::: Records shown
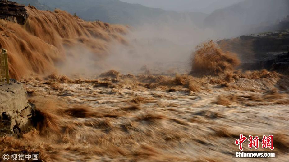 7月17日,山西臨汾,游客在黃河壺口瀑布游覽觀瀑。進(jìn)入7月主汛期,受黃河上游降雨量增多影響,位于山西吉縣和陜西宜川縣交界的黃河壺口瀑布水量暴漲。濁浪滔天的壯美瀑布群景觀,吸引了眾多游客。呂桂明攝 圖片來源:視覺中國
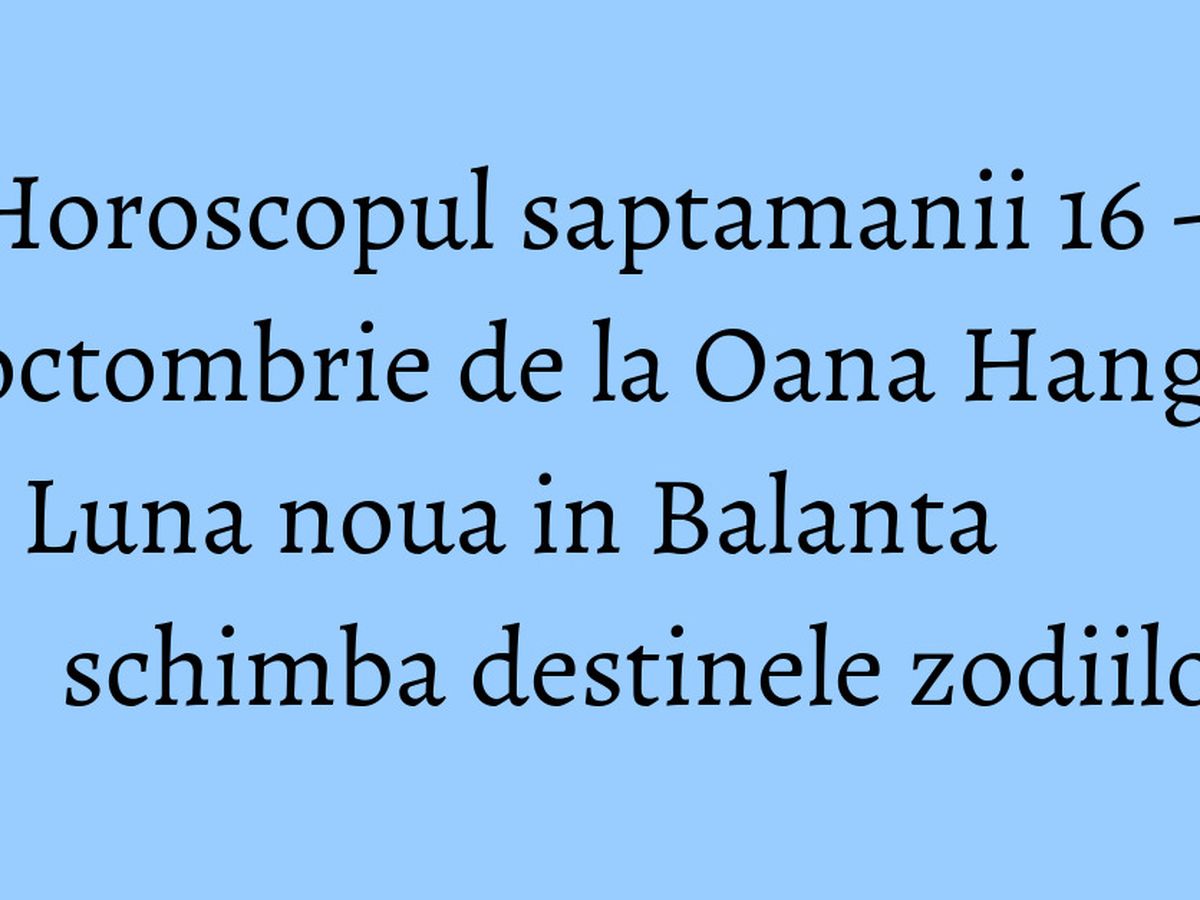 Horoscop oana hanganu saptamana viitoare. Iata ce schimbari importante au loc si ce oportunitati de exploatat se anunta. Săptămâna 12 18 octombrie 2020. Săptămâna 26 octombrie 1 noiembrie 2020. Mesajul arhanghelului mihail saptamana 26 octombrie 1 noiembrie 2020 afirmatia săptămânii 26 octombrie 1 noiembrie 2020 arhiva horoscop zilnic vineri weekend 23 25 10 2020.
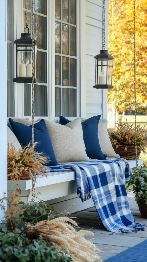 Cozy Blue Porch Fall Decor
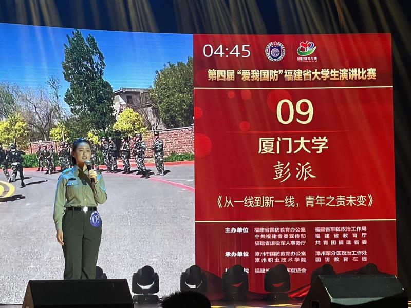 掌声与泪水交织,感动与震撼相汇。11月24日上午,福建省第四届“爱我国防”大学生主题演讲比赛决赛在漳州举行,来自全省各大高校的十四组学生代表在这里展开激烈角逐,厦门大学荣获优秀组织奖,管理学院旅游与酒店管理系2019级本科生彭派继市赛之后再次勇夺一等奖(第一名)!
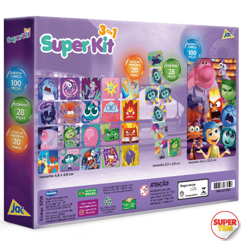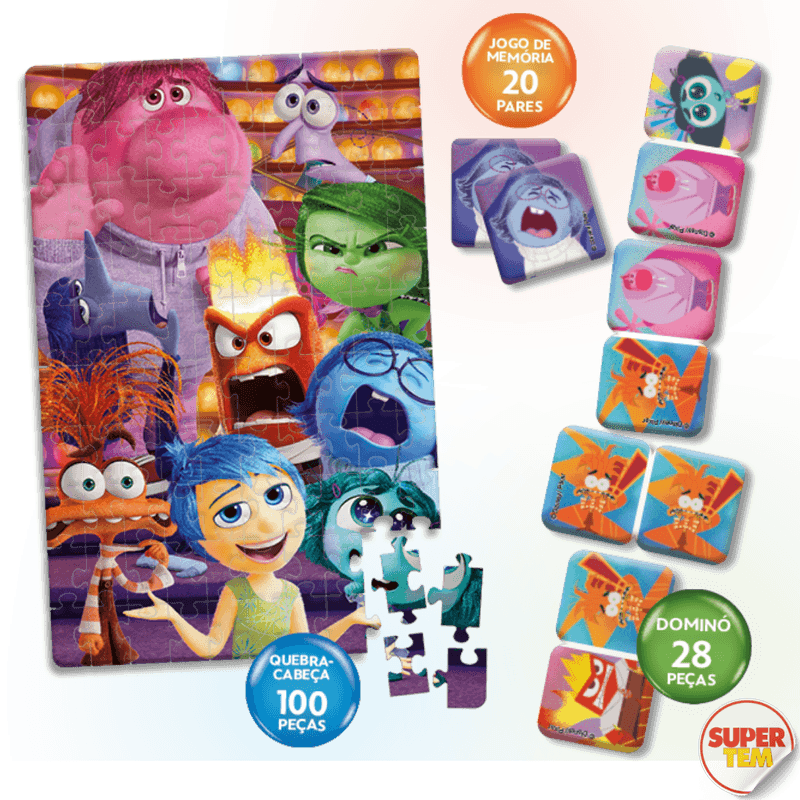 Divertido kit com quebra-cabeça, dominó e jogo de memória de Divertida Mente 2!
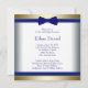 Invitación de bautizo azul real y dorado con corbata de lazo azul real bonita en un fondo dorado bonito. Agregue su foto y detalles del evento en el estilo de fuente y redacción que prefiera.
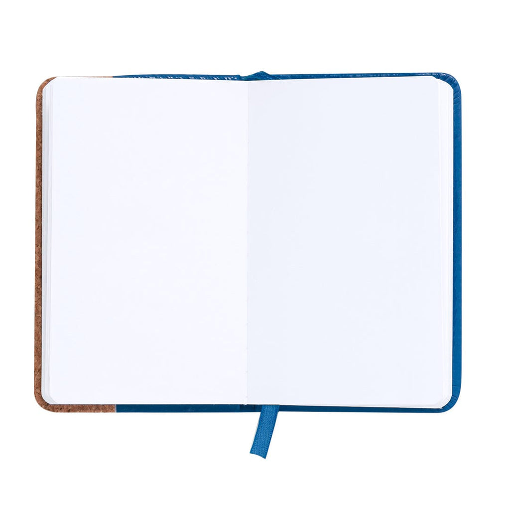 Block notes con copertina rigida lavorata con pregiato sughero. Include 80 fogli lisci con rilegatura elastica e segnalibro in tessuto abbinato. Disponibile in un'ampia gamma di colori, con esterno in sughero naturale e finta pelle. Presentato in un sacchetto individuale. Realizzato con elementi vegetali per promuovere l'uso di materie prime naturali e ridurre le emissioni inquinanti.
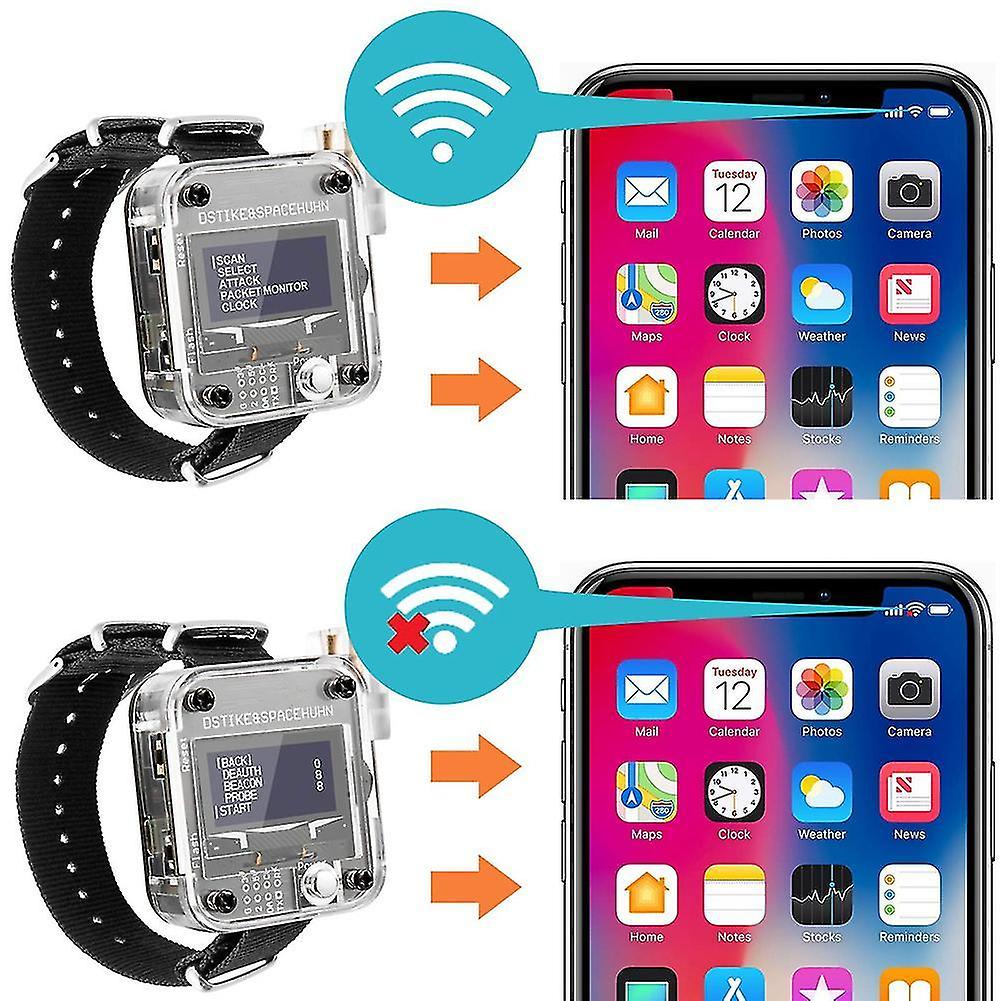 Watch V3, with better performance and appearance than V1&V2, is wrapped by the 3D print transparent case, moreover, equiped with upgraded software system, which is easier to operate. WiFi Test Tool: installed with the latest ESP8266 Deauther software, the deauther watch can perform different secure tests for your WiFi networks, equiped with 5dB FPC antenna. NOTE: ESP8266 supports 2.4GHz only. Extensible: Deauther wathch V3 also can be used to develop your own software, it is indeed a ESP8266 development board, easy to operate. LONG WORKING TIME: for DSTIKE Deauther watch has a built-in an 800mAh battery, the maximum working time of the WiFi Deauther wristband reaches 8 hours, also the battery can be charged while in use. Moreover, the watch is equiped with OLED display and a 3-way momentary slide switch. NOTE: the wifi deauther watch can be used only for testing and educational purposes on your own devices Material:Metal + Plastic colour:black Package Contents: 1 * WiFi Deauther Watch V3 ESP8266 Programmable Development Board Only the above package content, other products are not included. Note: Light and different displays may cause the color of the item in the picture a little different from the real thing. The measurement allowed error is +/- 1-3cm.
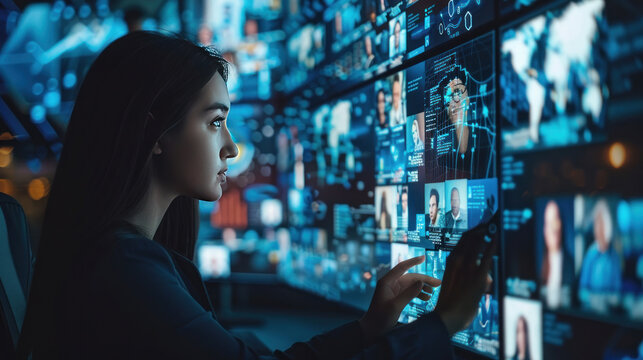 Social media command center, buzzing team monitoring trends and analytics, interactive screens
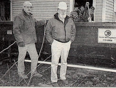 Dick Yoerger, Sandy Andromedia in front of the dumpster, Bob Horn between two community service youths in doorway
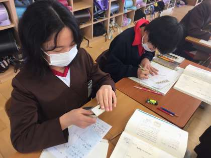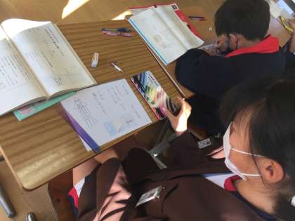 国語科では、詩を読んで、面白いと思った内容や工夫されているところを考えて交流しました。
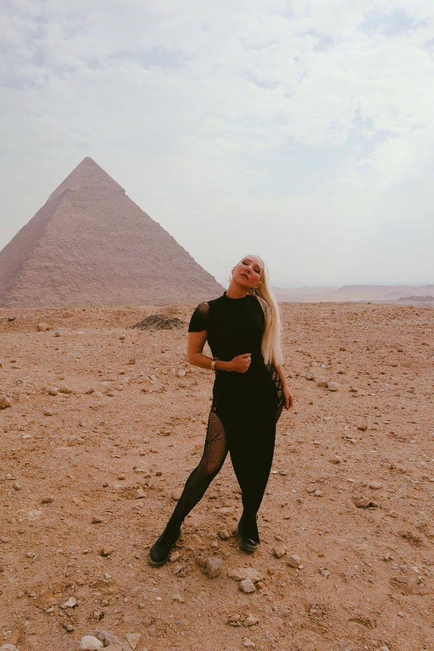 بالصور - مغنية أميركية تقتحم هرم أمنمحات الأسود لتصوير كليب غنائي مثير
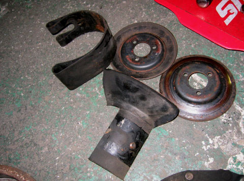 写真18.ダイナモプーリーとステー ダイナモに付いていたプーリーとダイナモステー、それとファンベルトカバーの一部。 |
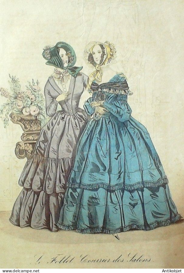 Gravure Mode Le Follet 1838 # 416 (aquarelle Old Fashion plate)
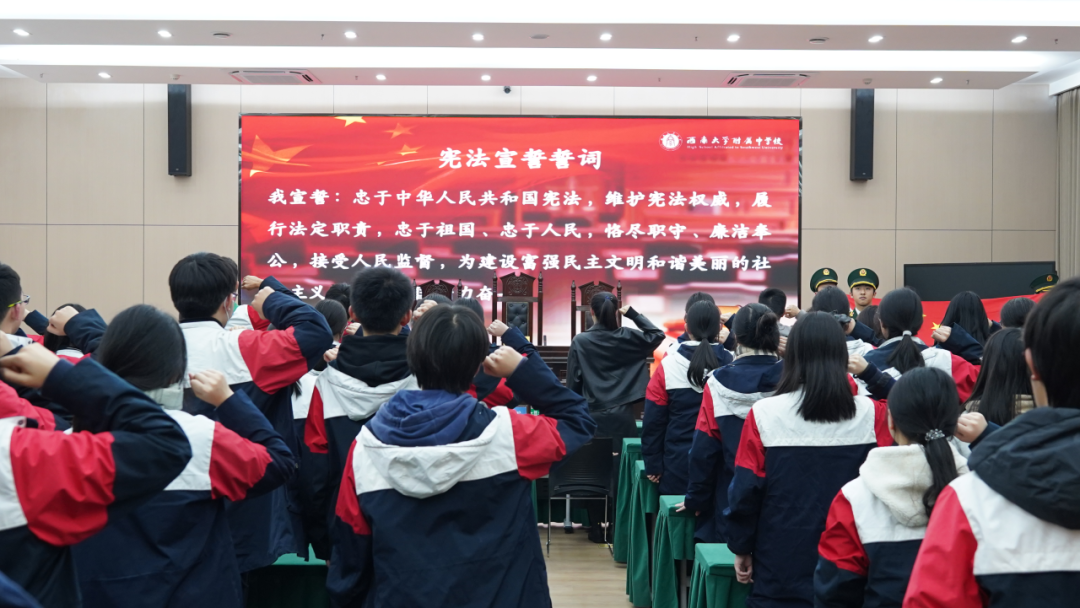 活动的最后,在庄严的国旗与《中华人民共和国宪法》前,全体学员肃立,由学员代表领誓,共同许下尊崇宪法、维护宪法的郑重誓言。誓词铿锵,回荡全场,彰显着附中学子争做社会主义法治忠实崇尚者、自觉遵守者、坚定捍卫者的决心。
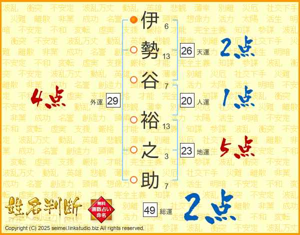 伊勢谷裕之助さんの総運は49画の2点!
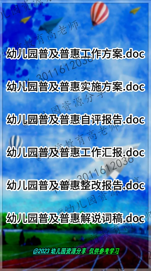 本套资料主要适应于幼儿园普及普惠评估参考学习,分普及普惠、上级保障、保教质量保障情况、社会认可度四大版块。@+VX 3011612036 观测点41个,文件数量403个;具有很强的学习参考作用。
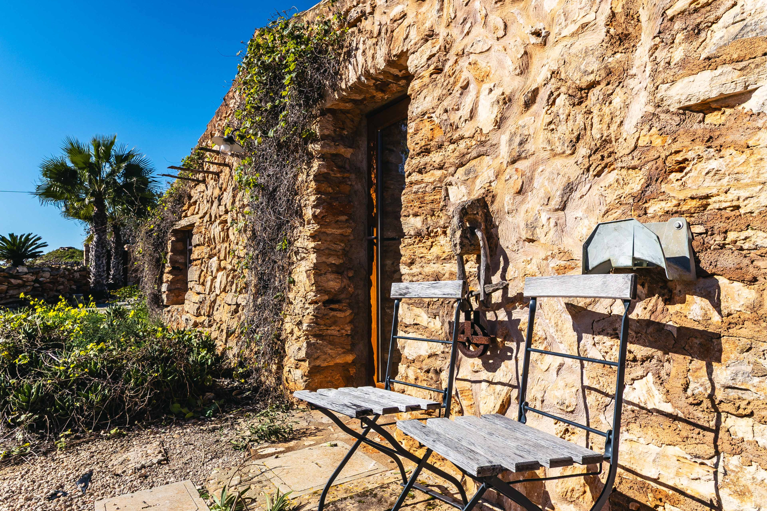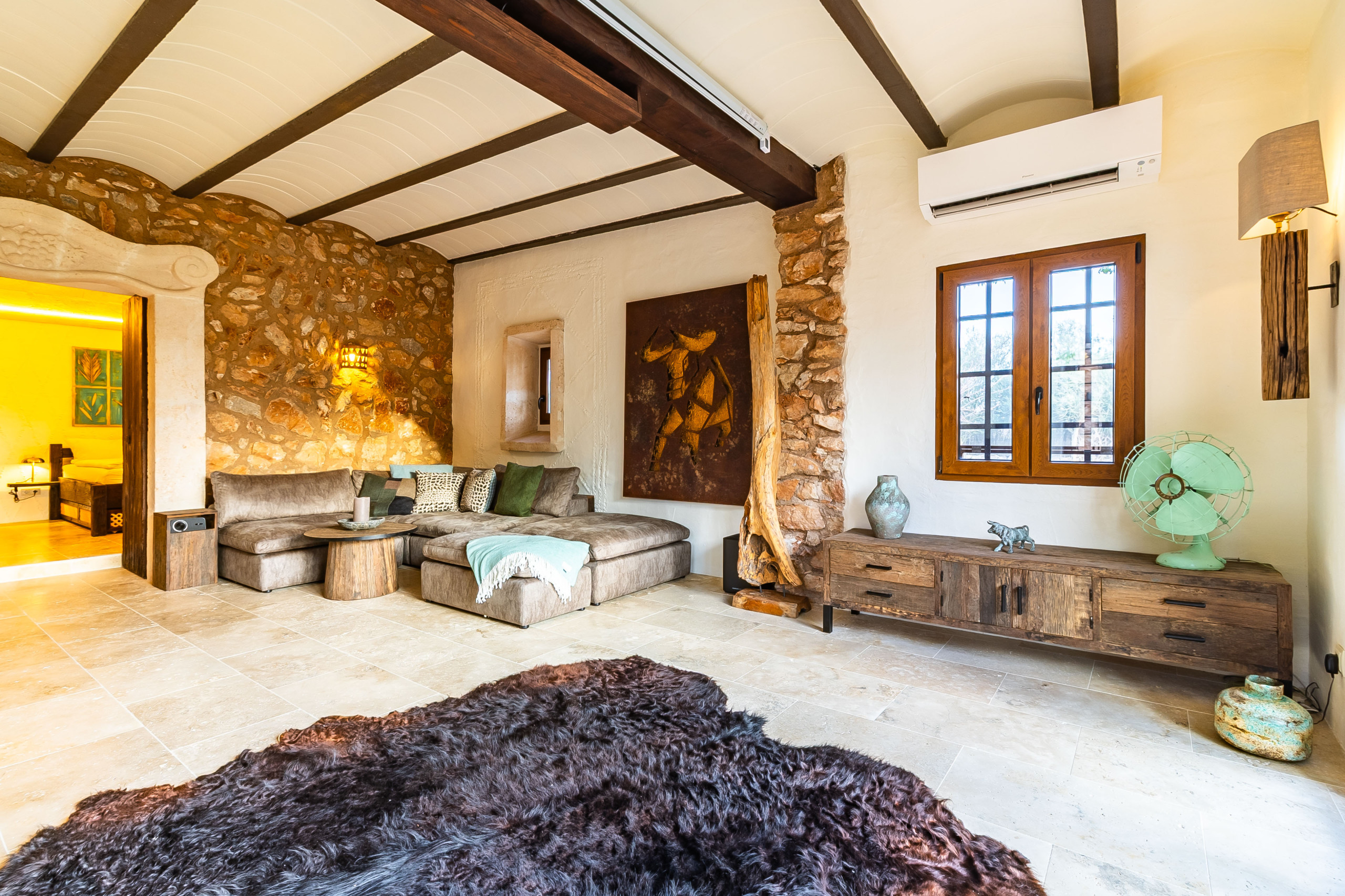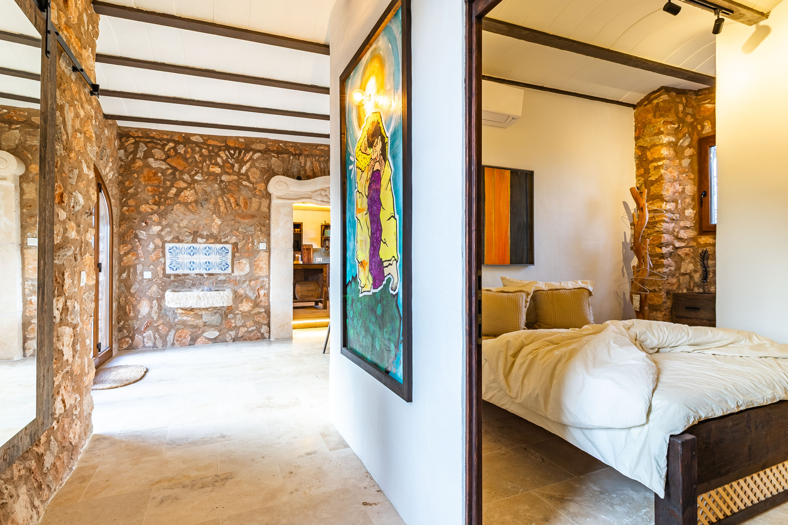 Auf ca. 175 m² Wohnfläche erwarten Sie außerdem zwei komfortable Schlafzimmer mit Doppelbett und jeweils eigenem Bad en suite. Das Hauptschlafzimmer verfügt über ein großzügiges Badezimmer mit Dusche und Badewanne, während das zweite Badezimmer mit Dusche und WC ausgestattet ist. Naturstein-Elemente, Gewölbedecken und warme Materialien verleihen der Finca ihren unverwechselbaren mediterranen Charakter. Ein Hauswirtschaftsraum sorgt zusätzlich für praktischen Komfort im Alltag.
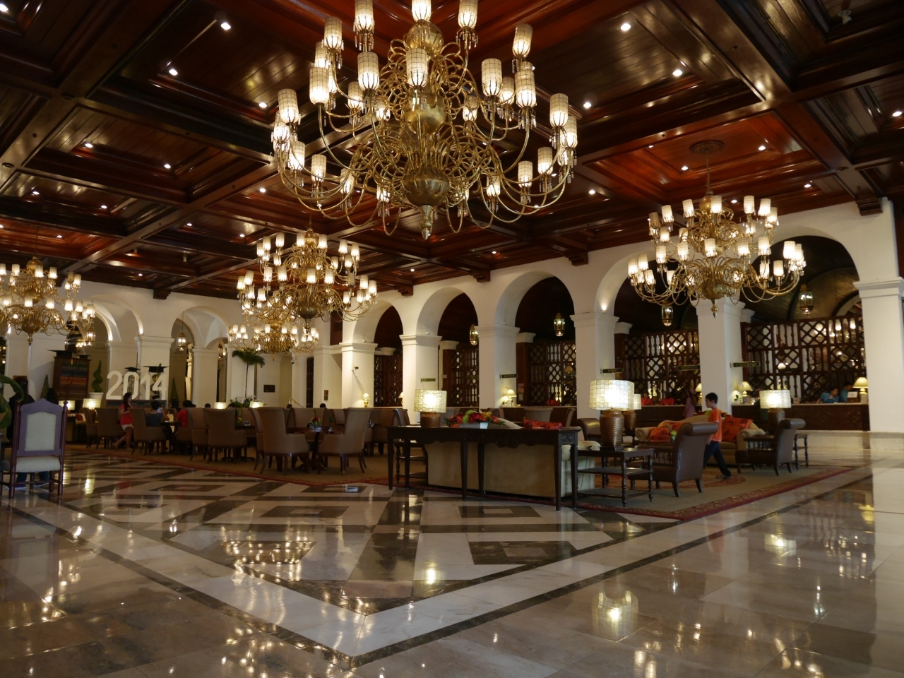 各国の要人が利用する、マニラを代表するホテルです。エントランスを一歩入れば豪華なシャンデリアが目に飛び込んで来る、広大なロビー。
::::::
Your assignment →
Reproduce all entries exactly. Pictures do not belong in the copy.

Output for this task →
 7月17日,山西臨汾,游客在黃河壺口瀑布游覽觀瀑。進(jìn)入7月主汛期,受黃河上游降雨量增多影響,位于山西吉縣和陜西宜川縣交界的黃河壺口瀑布水量暴漲。濁浪滔天的壯美瀑布群景觀,吸引了眾多游客。呂桂明攝 圖片來源:視覺中國
 Horoscop oana hanganu saptamana viitoare. Iata ce schimbari importante au loc si ce oportunitati de exploatat se anunta. Săptămâna 12 18 octombrie 2020. Săptămâna 26 octombrie 1 noiembrie 2020. Mesajul arhanghelului mihail saptamana 26 octombrie 1 noiembrie 2020 afirmatia săptămânii 26 octombrie 1 noiembrie 2020 arhiva horoscop zilnic vineri weekend 23 25 10 2020.
 Cozy Blue Porch Fall Decor
 掌声与泪水交织,感动与震撼相汇。11月24日上午,福建省第四届“爱我国防”大学生主题演讲比赛决赛在漳州举行,来自全省各大高校的十四组学生代表在这里展开激烈角逐,厦门大学荣获优秀组织奖,管理学院旅游与酒店管理系2019级本科生彭派继市赛之后再次勇夺一等奖(第一名)!
 Divertido kit com quebra-cabeça, dominó e jogo de memória de Divertida Mente 2!
 Invitación de bautizo azul real y dorado con corbata de lazo azul real bonita en un fondo dorado bonito. Agregue su foto y detalles del evento en el estilo de fuente y redacción que prefiera.
 Block notes con copertina rigida lavorata con pregiato sughero. Include 80 fogli lisci con rilegatura elastica e segnalibro in tessuto abbinato. Disponibile in un'ampia gamma di colori, con esterno in sughero naturale e finta pelle. Presentato in un sacchetto individuale. Realizzato con elementi vegetali per promuovere l'uso di materie prime naturali e ridurre le emissioni inquinanti.
 Watch V3, with better performance and appearance than V1&V2, is wrapped by the 3D print transparent case, moreover, equiped with upgraded software system, which is easier to operate. WiFi Test Tool: installed with the latest ESP8266 Deauther software, the deauther watch can perform different secure tests for your WiFi networks, equiped with 5dB FPC antenna. NOTE: ESP8266 supports 2.4GHz only. Extensible: Deauther wathch V3 also can be used to develop your own software, it is indeed a ESP8266 development board, easy to operate. LONG WORKING TIME: for DSTIKE Deauther watch has a built-in an 800mAh battery, the maximum working time of the WiFi Deauther wristband reaches 8 hours, also the battery can be charged while in use. Moreover, the watch is equiped with OLED display and a 3-way momentary slide switch. NOTE: the wifi deauther watch can be used only for testing and educational purposes on your own devices Material:Metal + Plastic colour:black Package Contents: 1 * WiFi Deauther Watch V3 ESP8266 Programmable Development Board Only the above package content, other products are not included. Note: Light and different displays may cause the color of the item in the picture a little different from the real thing. The measurement allowed error is +/- 1-3cm.
 Social media command center, buzzing team monitoring trends and analytics, interactive screens
 Dick Yoerger, Sandy Andromedia in front of the dumpster, Bob Horn between two community service youths in doorway
 国語科では、詩を読んで、面白いと思った内容や工夫されているところを考えて交流しました。
 بالصور - مغنية أميركية تقتحم هرم أمنمحات الأسود لتصوير كليب غنائي مثير
 写真18.ダイナモプーリーとステー ダイナモに付いていたプーリーとダイナモステー、それとファンベルトカバーの一部。 |
 Gravure Mode Le Follet 1838 # 416 (aquarelle Old Fashion plate)
 活动的最后,在庄严的国旗与《中华人民共和国宪法》前,全体学员肃立,由学员代表领誓,共同许下尊崇宪法、维护宪法的郑重誓言。誓词铿锵,回荡全场,彰显着附中学子争做社会主义法治忠实崇尚者、自觉遵守者、坚定捍卫者的决心。
 伊勢谷裕之助さんの総運は49画の2点!
 本套资料主要适应于幼儿园普及普惠评估参考学习,分普及普惠、上级保障、保教质量保障情况、社会认可度四大版块。@+VX 3011612036 观测点41个,文件数量403个;具有很强的学习参考作用。
 Auf ca. 175 m² Wohnfläche erwarten Sie außerdem zwei komfortable Schlafzimmer mit Doppelbett und jeweils eigenem Bad en suite. Das Hauptschlafzimmer verfügt über ein großzügiges Badezimmer mit Dusche und Badewanne, während das zweite Badezimmer mit Dusche und WC ausgestattet ist. Naturstein-Elemente, Gewölbedecken und warme Materialien verleihen der Finca ihren unverwechselbaren mediterranen Charakter. Ein Hauswirtschaftsraum sorgt zusätzlich für praktischen Komfort im Alltag.
 各国の要人が利用する、マニラを代表するホテルです。エントランスを一歩入れば豪華なシャンデリアが目に飛び込んで来る、広大なロビー。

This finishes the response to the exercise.